• _Prompt_
Starting at the top of the entries below, write out each line up to and including the one containing "Inlandsdrucksache (1-20 g)". Leave the pictures out.

Stored records:
• • • • •
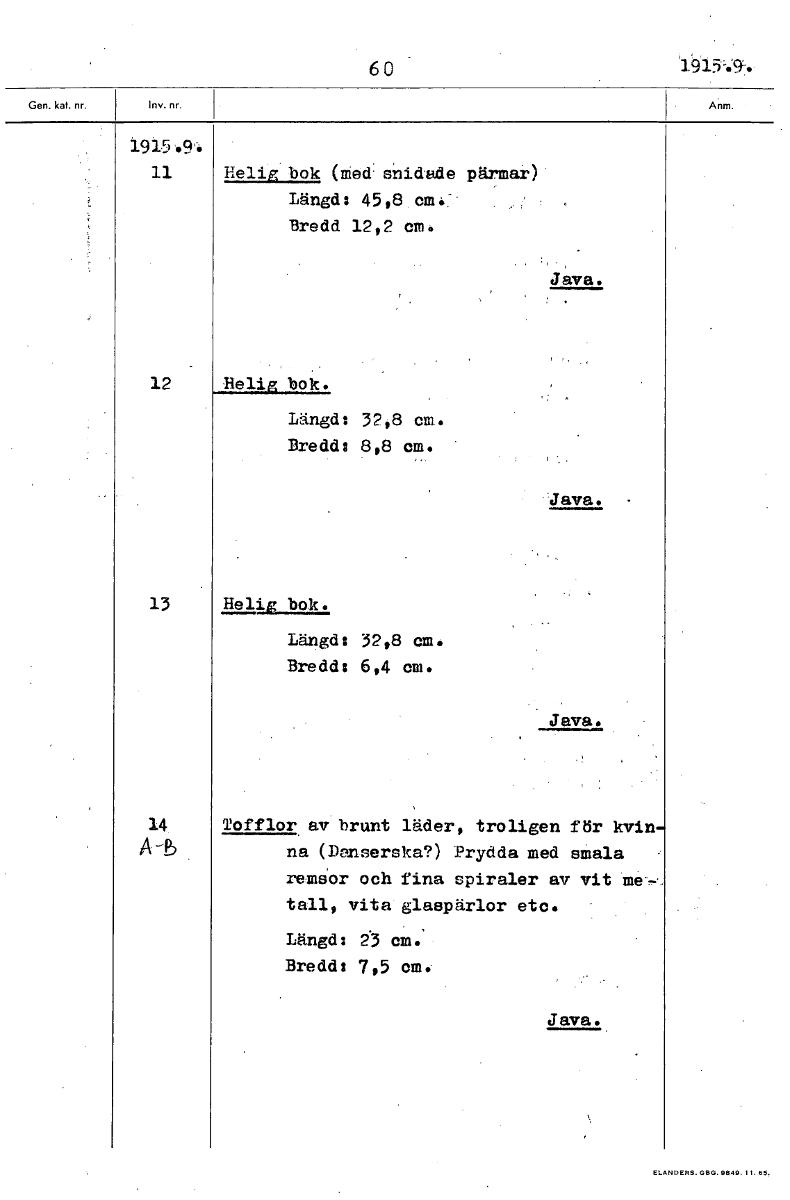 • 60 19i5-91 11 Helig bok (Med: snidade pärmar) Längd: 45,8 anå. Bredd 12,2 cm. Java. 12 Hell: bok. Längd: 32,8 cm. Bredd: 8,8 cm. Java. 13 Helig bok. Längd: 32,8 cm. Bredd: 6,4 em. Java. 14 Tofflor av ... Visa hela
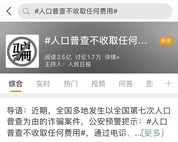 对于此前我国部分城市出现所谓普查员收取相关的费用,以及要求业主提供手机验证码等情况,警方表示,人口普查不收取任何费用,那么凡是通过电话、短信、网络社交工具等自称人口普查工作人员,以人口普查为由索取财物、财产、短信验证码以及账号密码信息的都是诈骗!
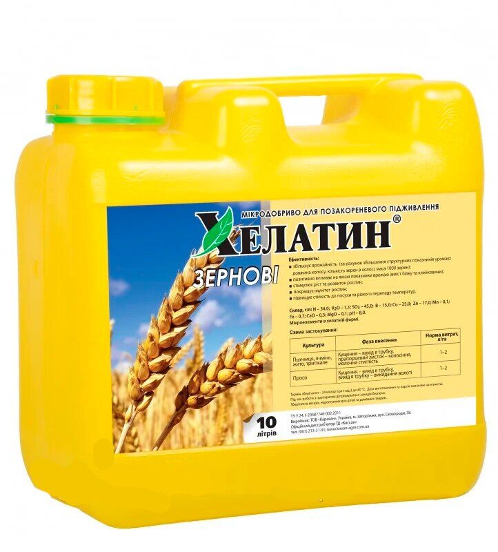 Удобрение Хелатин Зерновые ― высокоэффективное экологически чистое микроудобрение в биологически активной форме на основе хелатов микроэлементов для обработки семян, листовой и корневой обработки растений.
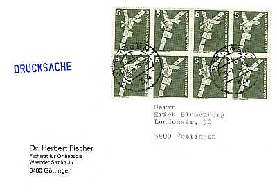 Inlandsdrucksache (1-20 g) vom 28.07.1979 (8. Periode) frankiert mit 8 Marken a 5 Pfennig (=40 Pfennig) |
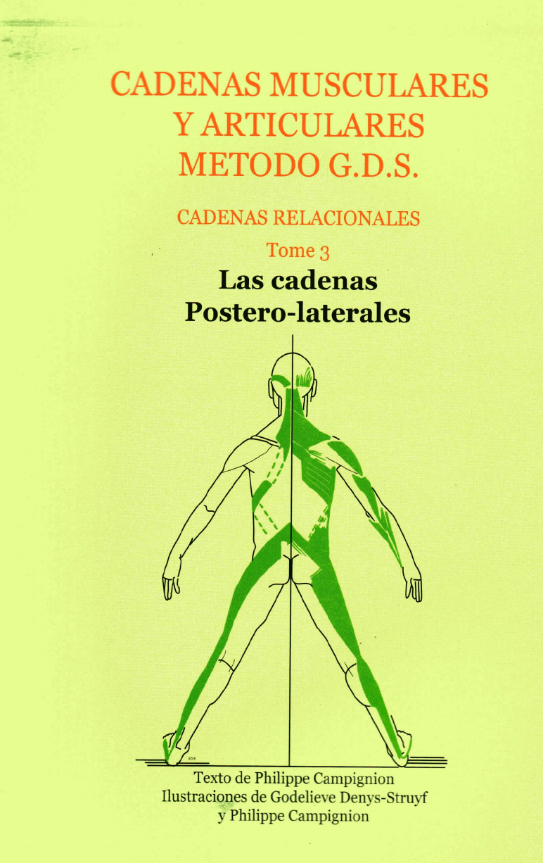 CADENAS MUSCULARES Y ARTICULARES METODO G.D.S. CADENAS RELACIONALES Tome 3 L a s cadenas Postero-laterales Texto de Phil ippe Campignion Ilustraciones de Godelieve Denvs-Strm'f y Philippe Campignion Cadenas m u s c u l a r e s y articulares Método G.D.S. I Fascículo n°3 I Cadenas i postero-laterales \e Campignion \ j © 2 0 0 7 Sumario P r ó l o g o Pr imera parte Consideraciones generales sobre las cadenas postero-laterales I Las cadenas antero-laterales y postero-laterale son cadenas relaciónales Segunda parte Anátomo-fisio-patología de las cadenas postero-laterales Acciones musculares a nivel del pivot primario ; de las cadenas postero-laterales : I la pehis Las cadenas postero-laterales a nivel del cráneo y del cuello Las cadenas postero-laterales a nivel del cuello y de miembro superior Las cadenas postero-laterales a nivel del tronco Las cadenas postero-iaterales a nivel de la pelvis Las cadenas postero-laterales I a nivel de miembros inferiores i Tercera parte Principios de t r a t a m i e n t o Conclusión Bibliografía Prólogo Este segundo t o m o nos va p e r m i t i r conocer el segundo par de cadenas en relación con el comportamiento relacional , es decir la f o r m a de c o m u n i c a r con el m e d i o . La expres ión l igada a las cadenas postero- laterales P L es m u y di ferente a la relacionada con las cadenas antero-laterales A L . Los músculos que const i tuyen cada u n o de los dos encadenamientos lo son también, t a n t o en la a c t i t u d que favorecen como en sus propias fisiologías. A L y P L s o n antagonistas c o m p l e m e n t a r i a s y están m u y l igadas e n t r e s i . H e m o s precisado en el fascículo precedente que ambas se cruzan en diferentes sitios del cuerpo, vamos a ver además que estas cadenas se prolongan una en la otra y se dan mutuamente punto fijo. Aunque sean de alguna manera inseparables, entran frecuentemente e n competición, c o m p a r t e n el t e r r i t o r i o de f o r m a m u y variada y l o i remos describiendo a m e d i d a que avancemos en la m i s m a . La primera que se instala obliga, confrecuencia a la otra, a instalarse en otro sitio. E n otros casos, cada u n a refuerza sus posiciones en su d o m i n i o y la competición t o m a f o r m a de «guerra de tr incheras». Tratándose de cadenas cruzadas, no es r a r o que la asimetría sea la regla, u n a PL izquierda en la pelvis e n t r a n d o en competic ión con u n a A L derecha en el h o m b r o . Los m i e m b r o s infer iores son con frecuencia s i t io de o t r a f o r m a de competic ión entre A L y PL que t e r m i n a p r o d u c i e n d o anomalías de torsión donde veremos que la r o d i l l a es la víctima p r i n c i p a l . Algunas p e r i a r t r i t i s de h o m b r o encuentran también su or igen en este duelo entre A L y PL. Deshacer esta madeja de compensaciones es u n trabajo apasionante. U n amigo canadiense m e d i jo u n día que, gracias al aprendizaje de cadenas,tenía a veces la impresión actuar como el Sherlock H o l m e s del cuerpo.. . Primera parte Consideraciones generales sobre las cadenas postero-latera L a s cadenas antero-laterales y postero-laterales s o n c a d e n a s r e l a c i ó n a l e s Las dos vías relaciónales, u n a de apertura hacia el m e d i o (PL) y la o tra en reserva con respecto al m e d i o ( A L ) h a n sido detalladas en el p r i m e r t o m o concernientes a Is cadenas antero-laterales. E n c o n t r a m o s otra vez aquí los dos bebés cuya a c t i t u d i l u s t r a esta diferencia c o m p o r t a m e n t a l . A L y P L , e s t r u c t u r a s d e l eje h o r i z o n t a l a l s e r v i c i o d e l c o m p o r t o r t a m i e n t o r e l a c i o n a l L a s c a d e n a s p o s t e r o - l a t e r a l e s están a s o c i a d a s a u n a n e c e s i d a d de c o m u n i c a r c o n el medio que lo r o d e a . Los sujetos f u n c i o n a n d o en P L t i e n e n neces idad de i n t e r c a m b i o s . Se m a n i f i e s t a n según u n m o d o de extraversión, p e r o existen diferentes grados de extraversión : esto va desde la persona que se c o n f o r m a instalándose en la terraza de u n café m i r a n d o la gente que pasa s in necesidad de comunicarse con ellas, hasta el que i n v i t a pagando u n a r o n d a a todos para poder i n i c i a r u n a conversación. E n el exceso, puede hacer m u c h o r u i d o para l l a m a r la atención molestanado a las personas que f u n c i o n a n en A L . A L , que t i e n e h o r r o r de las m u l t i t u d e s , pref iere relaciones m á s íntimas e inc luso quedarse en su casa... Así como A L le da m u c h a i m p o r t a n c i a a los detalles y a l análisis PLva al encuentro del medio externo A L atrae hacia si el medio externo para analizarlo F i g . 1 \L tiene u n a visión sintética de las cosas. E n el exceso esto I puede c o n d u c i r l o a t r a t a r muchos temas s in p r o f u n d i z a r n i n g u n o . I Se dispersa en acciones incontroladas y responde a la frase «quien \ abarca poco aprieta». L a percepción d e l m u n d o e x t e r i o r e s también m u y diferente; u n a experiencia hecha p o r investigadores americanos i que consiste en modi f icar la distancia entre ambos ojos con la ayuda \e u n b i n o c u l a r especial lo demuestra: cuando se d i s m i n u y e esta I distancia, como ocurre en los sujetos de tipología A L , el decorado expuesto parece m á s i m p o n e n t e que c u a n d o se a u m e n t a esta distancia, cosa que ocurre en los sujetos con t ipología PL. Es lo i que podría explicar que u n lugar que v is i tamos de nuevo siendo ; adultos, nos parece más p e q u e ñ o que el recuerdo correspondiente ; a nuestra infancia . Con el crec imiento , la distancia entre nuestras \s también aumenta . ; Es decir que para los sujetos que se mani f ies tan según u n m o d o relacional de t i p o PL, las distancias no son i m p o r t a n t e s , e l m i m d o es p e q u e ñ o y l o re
• • • • •
• _Output_
 • 60 19i5-91 11 Helig bok (Med: snidade pärmar) Längd: 45,8 anå. Bredd 12,2 cm. Java. 12 Hell: bok. Längd: 32,8 cm. Bredd: 8,8 cm. Java. 13 Helig bok. Längd: 32,8 cm. Bredd: 6,4 em. Java. 14 Tofflor av ... Visa hela
 对于此前我国部分城市出现所谓普查员收取相关的费用,以及要求业主提供手机验证码等情况,警方表示,人口普查不收取任何费用,那么凡是通过电话、短信、网络社交工具等自称人口普查工作人员,以人口普查为由索取财物、财产、短信验证码以及账号密码信息的都是诈骗!
 Удобрение Хелатин Зерновые ― высокоэффективное экологически чистое микроудобрение в биологически активной форме на основе хелатов микроэлементов для обработки семян, листовой и корневой обработки растений.
 Inlandsdrucksache (1-20 g) vom 28.07.1979 (8. Periode) frankiert mit 8 Marken a 5 Pfennig (=40 Pfennig) |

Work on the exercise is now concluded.